(To do) In the entries below, which lines run from the one containing "La distribution du matériel va commencer." to the one containing "Le CA est reconnaissant"? Copy exactly those lines, ends included, and no others.

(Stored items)
===============

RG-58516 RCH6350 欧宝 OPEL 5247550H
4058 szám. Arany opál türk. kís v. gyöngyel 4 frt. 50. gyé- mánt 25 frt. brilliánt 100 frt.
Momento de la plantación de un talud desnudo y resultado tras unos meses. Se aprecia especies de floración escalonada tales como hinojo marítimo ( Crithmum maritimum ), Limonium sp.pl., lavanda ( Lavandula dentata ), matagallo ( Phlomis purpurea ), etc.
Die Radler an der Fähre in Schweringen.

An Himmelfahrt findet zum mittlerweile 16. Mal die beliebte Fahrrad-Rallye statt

===============

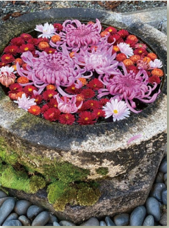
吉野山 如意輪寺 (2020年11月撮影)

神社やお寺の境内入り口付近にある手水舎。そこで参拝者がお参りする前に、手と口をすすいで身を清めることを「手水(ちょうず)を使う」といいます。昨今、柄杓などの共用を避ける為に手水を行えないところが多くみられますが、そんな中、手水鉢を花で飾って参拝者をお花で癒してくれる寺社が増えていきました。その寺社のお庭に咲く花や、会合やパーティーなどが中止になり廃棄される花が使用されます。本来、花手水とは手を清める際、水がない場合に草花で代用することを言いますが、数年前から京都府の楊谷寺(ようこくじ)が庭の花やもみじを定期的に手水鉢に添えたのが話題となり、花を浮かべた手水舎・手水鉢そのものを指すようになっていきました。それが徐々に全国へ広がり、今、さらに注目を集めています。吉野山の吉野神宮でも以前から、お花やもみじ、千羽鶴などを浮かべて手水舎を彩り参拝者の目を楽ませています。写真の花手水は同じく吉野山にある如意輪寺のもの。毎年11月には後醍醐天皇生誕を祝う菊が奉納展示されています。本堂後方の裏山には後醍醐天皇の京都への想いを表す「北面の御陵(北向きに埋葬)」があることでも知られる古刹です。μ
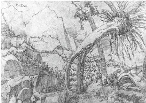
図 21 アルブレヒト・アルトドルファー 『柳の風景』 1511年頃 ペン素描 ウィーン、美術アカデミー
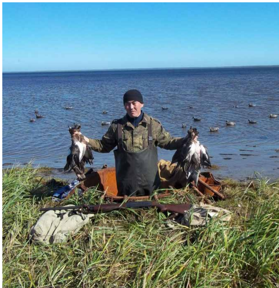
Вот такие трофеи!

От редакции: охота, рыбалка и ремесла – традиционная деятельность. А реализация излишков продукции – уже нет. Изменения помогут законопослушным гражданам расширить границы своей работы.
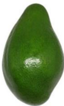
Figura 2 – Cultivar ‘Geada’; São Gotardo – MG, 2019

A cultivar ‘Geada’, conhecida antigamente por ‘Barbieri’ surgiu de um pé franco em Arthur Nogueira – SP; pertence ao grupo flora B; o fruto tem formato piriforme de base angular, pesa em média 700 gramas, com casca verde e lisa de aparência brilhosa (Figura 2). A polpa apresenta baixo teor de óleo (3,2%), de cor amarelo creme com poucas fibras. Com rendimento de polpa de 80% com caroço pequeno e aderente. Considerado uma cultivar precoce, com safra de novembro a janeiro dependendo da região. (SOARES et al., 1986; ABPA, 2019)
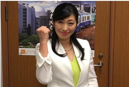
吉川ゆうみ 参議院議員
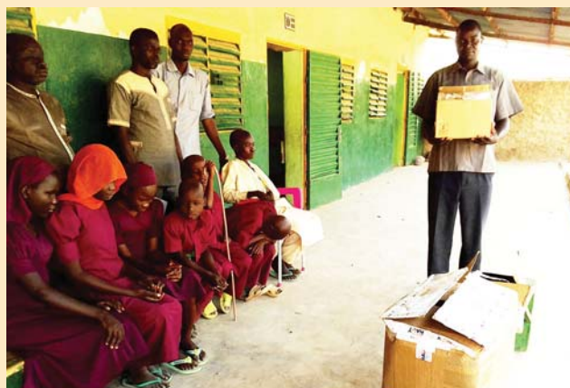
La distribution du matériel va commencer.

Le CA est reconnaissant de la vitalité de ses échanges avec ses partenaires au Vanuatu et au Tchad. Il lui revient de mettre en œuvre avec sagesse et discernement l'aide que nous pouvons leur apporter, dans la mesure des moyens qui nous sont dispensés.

===============

(Solution for this exercise)
La distribution du matériel va commencer.

Le CA est reconnaissant de la vitalité de ses échanges avec ses partenaires au Vanuatu et au Tchad. Il lui revient de mettre en œuvre avec sagesse et discernement l'aide que nous pouvons leur apporter, dans la mesure des moyens qui nous sont dispensés.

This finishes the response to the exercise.